Nuvo, a maternal-fetal health technology company, has announced a pregnancy data solution built from real-world use of its FDA-cleared INVU wearable monitoring device. The company says the dataset includes more than 350,000 minutes of monitoring across over 25,000 sessions collected from pregnancies in both clinical and home settings.
The dataset combines synchronized maternal and fetal physiological signals including native fetal electrocardiography (fECG), fetal phonocardiography (fPCG), maternal ECG, and maternal phonocardiography, along with motion data and structured pregnancy information. ECG measures the heart’s electrical activity while phonocardiography captures acoustic signals.

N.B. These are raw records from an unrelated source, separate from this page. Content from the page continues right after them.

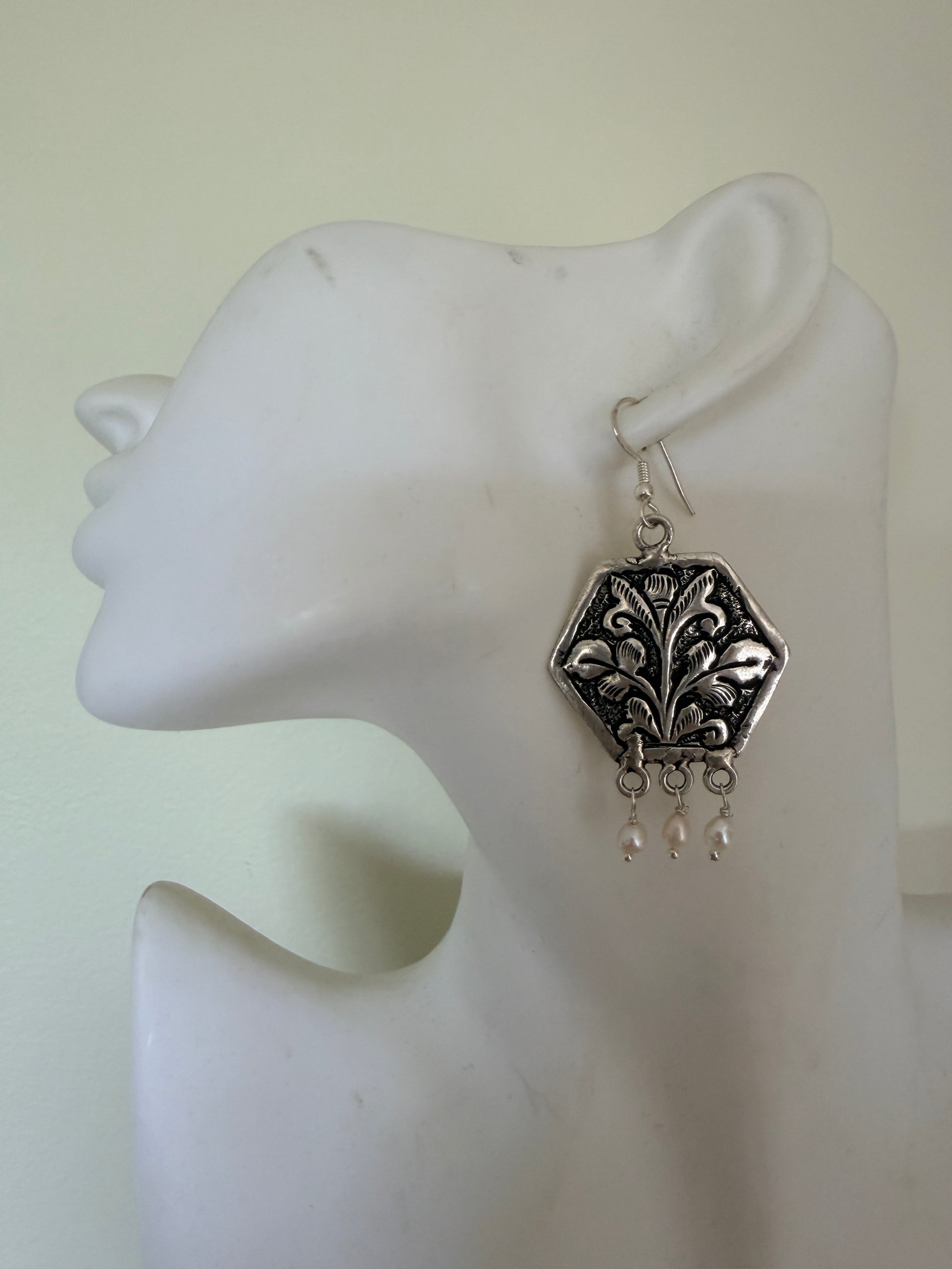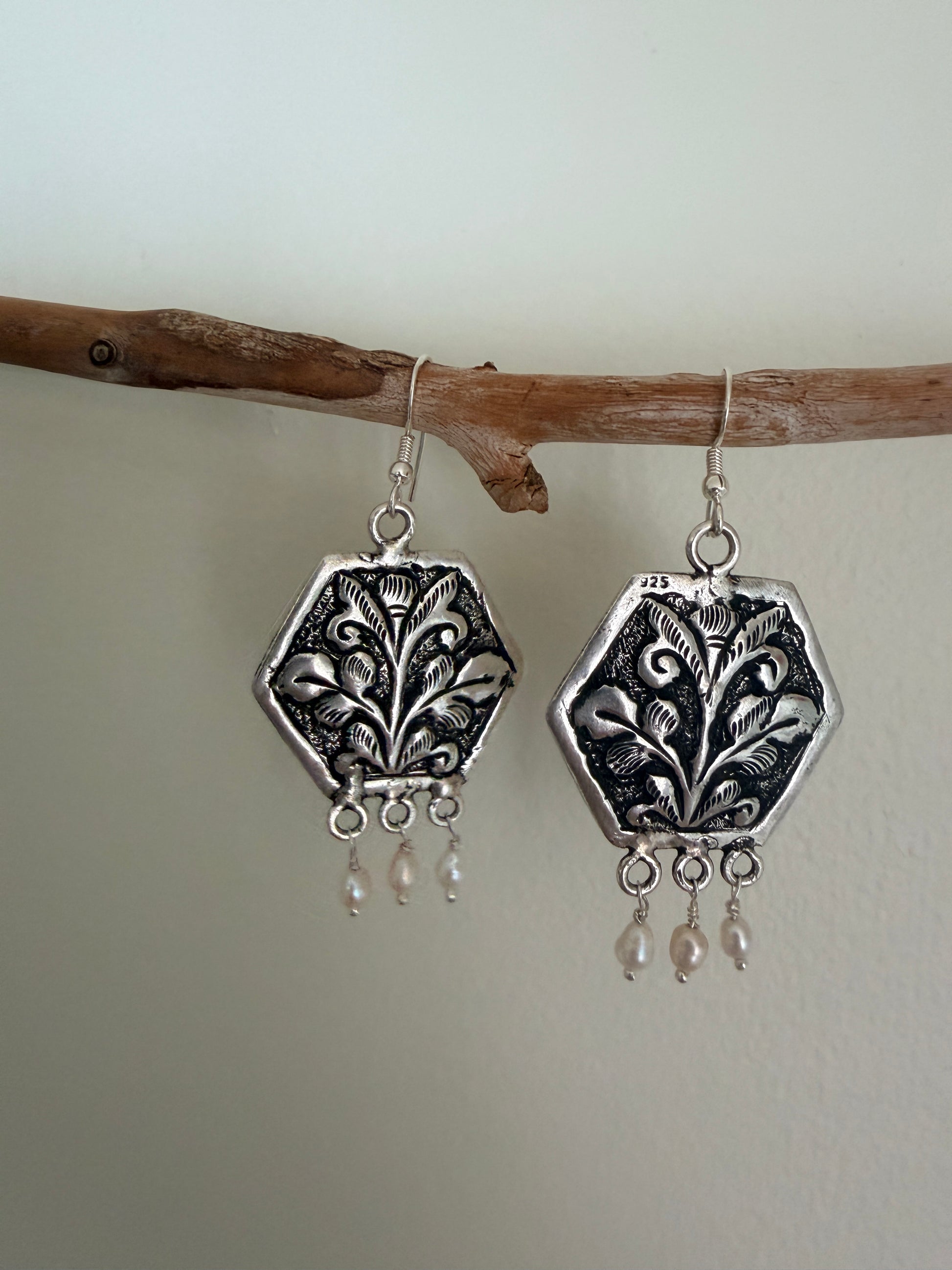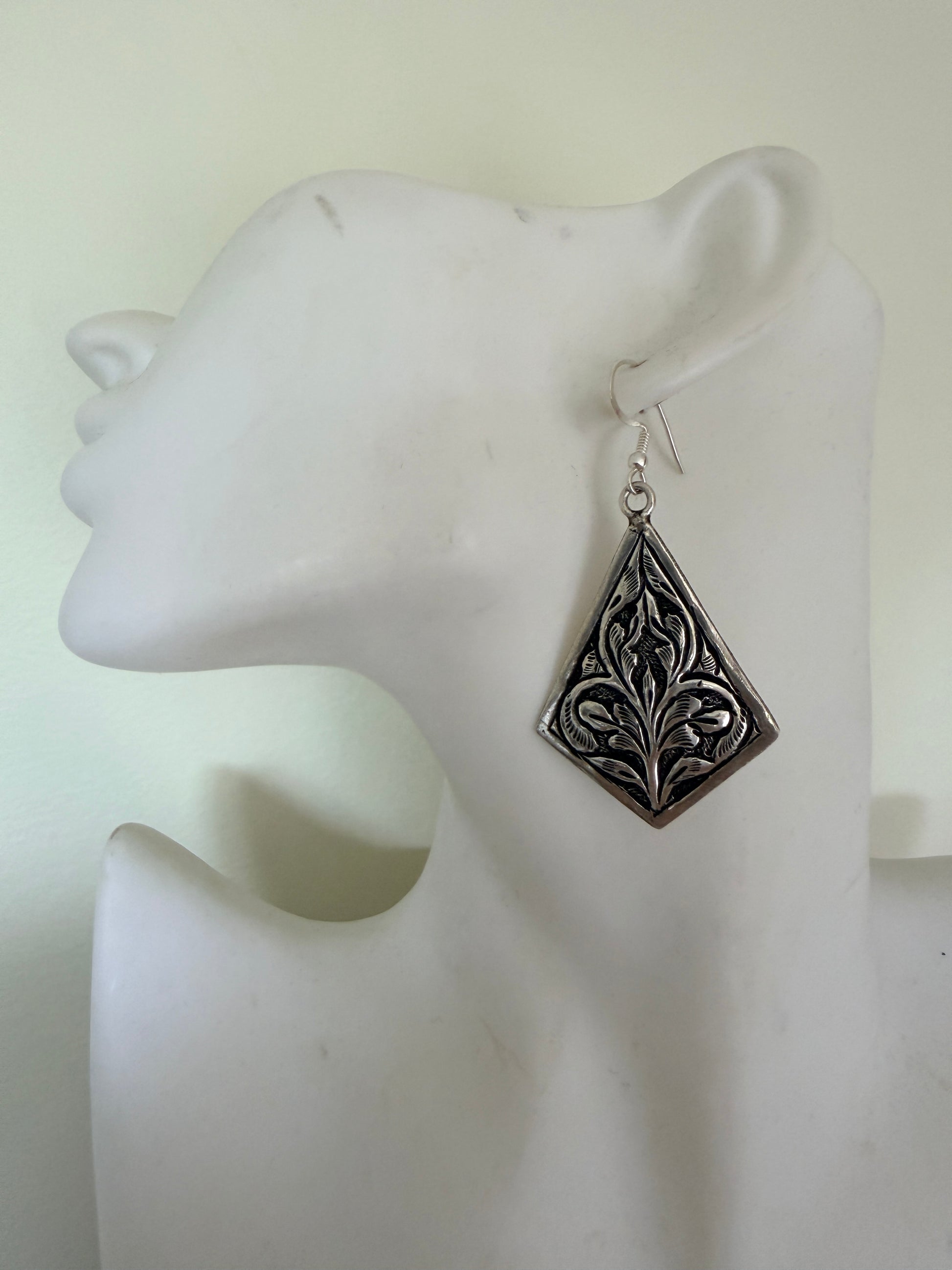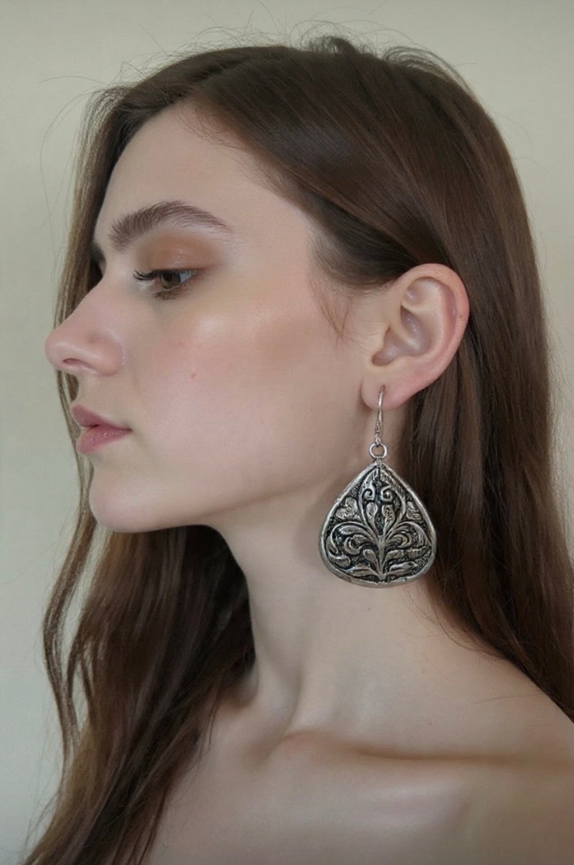 Boteh earrings showcase meticulously embossed sterling silver craftsmanship inspired by ancient Persian floral motifs. Each pair features a distinctive boteh design—a revered teardrop-shaped botanical element—hand-embossed onto premium sterling silver. The dimensional relief work captures the intricate heritage of classical Persian ornamentation, creating subtle light-play across the surface. A refined statement piece that honours traditional artistry while maintaining contemporary elegance. Perfect for those who appreciate historical design narratives and exceptional metalwork.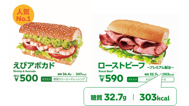 サブウェイ、店頭メニューで糖質表示スタート。栄養バランス管理をサポート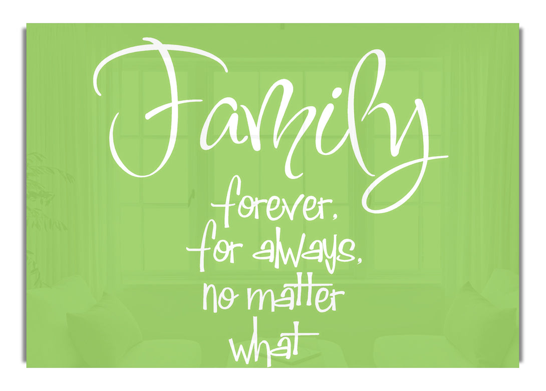 Family Forever For Always Lime Green acrylic print, UV printed onto 5mm thick acrylic glass. Comes with everything you need to hang on your wall.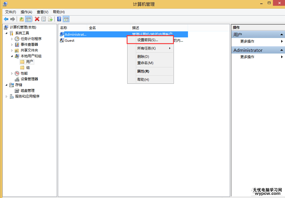 3、右鍵點擊“Administrator”選擇“設(shè)置密碼”。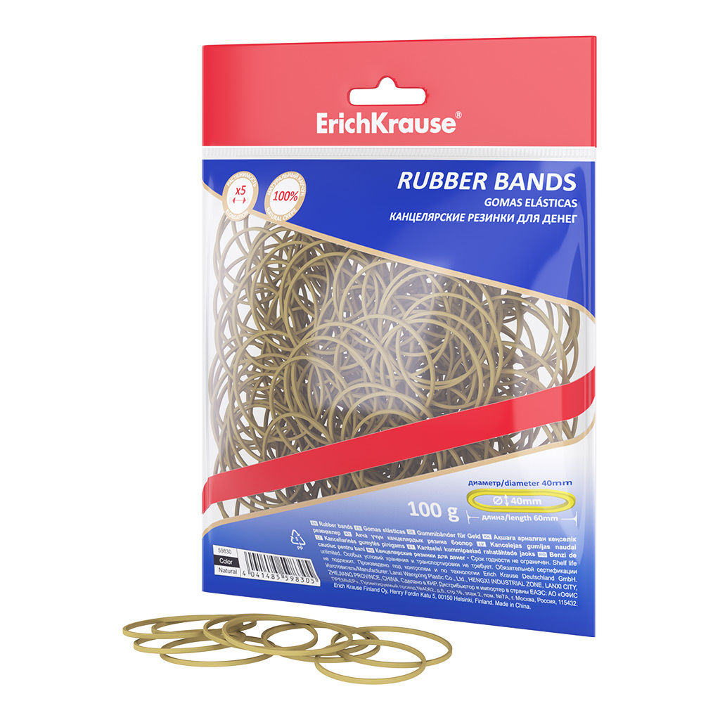 • АКЦИЯ Цена за 1 шт. Канцелярские резинки для денег ErichKrause диаметр 40 мм/длина 60 мм, натур.цвет (в пакете с европодвесом по 100г.)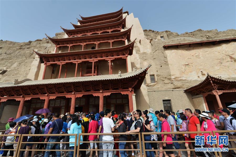 游客排队等待进入莫高窟“九层楼”参观(2016年8月4日摄)。 新华社记者 陈斌 摄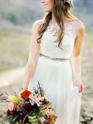 Платье невесты с замысловатыми беретелями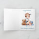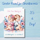 Gender reveal card. Let your parents know they are going to be a grandparent of a little boy! Grandson reveal card. Sweet watercolor illustration of a little baby boy with a teddy bear.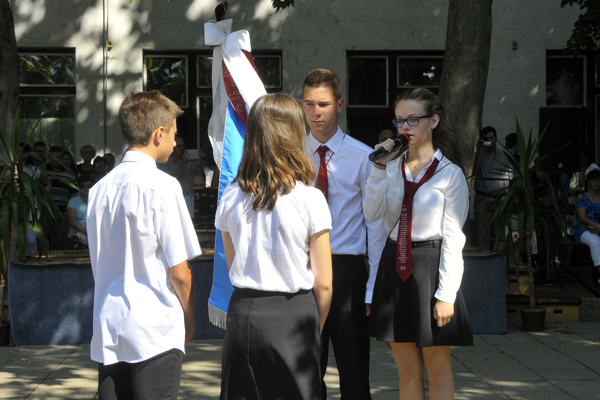 A virágátadás és a Himnusz után a hagyományokhoz híven a ballagó diákok átadták az iskola zászlaját a hetedikeseknek, majd a nyolcadikosok műsorukban prózával és énekkel köszöntek el az iskolától.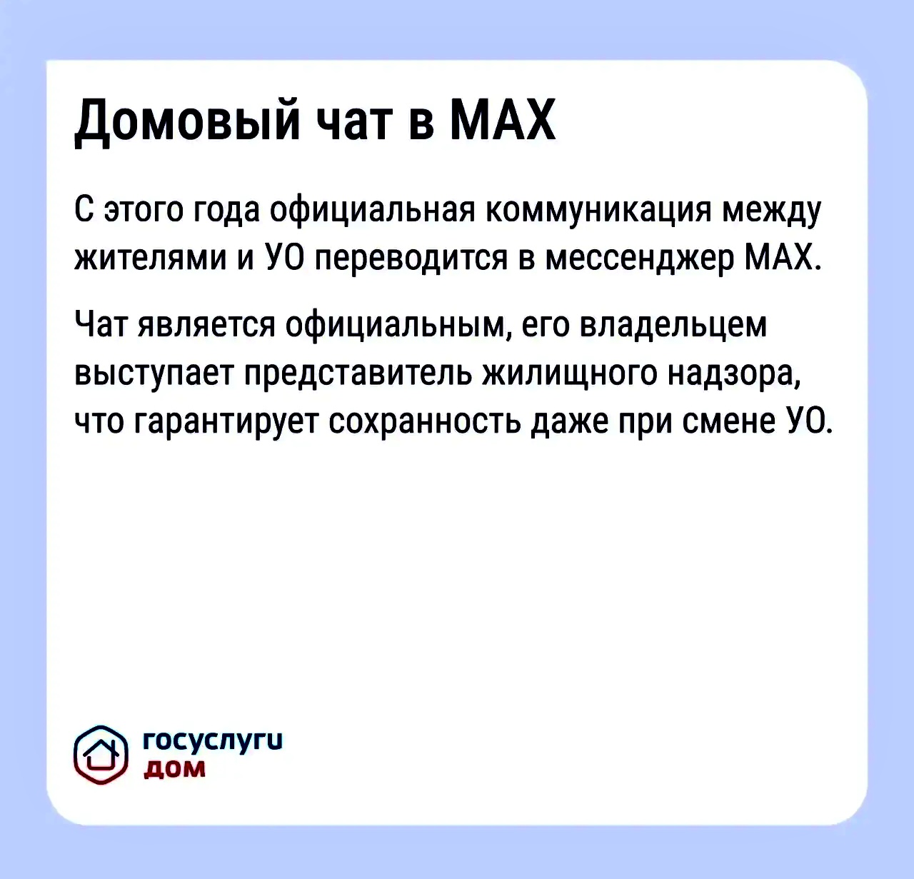В конце 2025 года Госдума приняла закон, предусматривающий ведение домовых чатов в отечественном мессенджере Max. Управляющим компаниям предписывается перенести в Max чаты и в дальнейшем именно там вести коммуникации с жителями. Порядок такого взаимодействия устанавливает Минстрой России.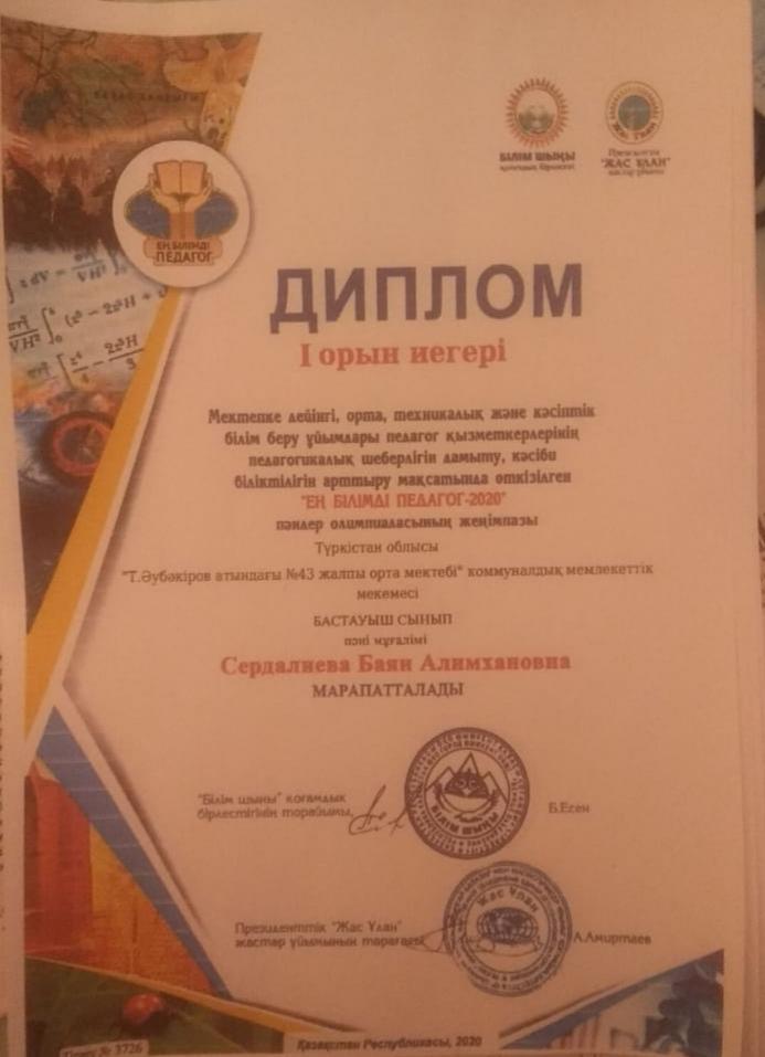 Жетістіктеріміз » Общеобразовательная школа им.Аубакирова. Мақтаарал ауданы. Мактааральский район
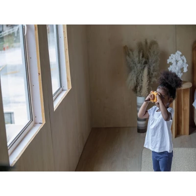 Get picture perfect views of your surroundings with this PlanToys My First Camera. Point, focus, and click the camera. Children will see the different images they try to capture through the kaleidoscope lens. This camera now comes in our orchard colorway. Made sustainably in Thailand with PlanWood.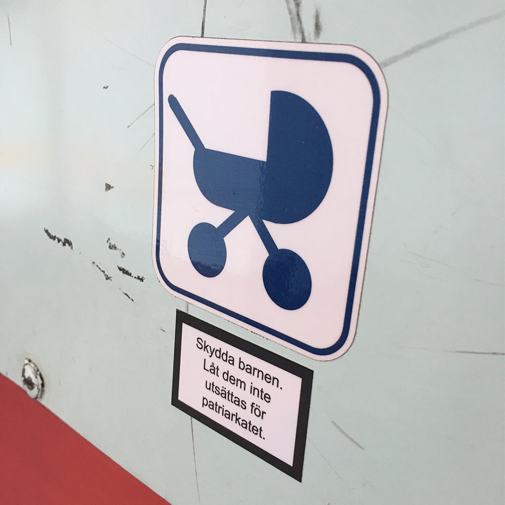 Ett klistermärke som varnar för patriarkatet. Skydda barnen. Låt dem inte utsättas för patriarkatet.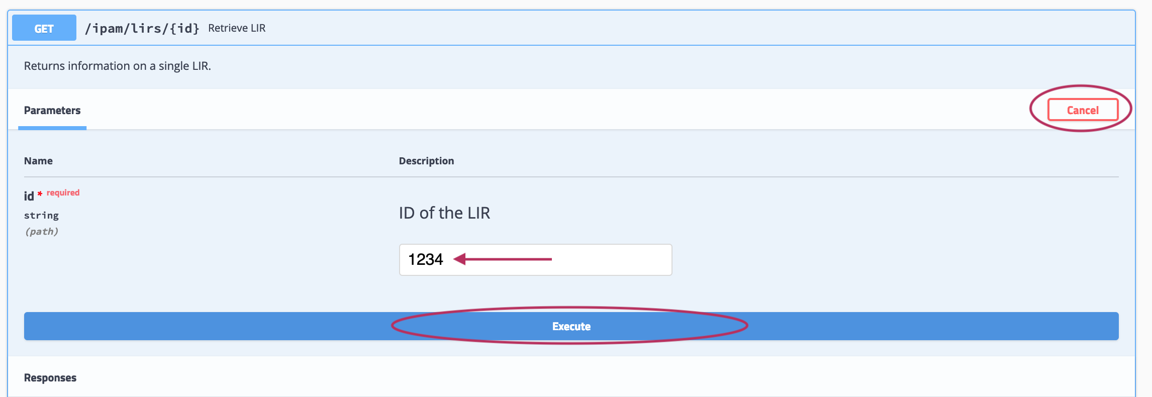 2.  Expand the call to view its details, then click the "Try it out" button.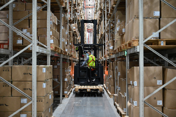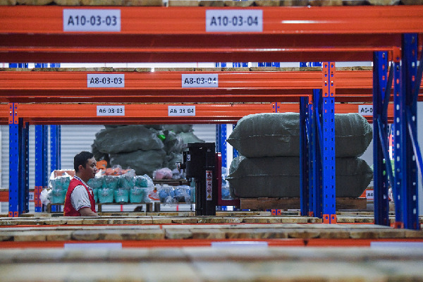 工人在晉江市安踏集團一體化物流產(chǎn)業(yè)園忙碌。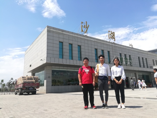 当天下午,实践团抵达沙湖生态环境治理区,先后与两位游客和一位工作人员就风沙治理的问题进行讨论。在交流的过程中,治理人员多次感叹近些年来风沙治理后,环境得到了较好的改善,两位游客也表示环境治理的成果超出他们的预期;同时,治理人员也指出一些环境治理的不足之处,将自身体会分享给调查人员。在交流中,调查员了解到在春秋两季,由于气候,风沙侵袭仍然偶有发生。调查成员记录一系列问题,将其作为第一手资料。

“The INVU pregnancy monitoring wearable solution has enabled Nuvo to build a large-scale, multimodal, longitudinal dataset grounded in real-world use, thereby creating a foundation for AI-driven pregnancy insights that simply has not previously existed,” said Laurence Klein, CEO of Nuvo. “This is about redefining how the health of both mother and child during pregnancy can be measured, modeled, and understood over time.”
Unlike traditional pregnancy monitoring, which typically relies on brief clinic visits or single measurements, Nuvo’s approach captures multiple signal types simultaneously over time. The company says combining electrical signals with mechanical heart sounds allows each signal to validate and help interpret the others, improving signal quality and reducing motion artifacts.
Nuvo has received approval from an independent Institutional Review Board (IRB) to conduct retrospective analyses of its pregnancy monitoring data, allowing the company and partners to study de-identified data for patterns in maternal and fetal health.
The INVU platform currently supports FDA-cleared, AI-powered Non-Stress Tests incorporating fetal and maternal heart rate and uterine activity. Nuvo says the data streams could support additional insights including earlier indicators of fetal distress and changes in maternal cardiovascular function.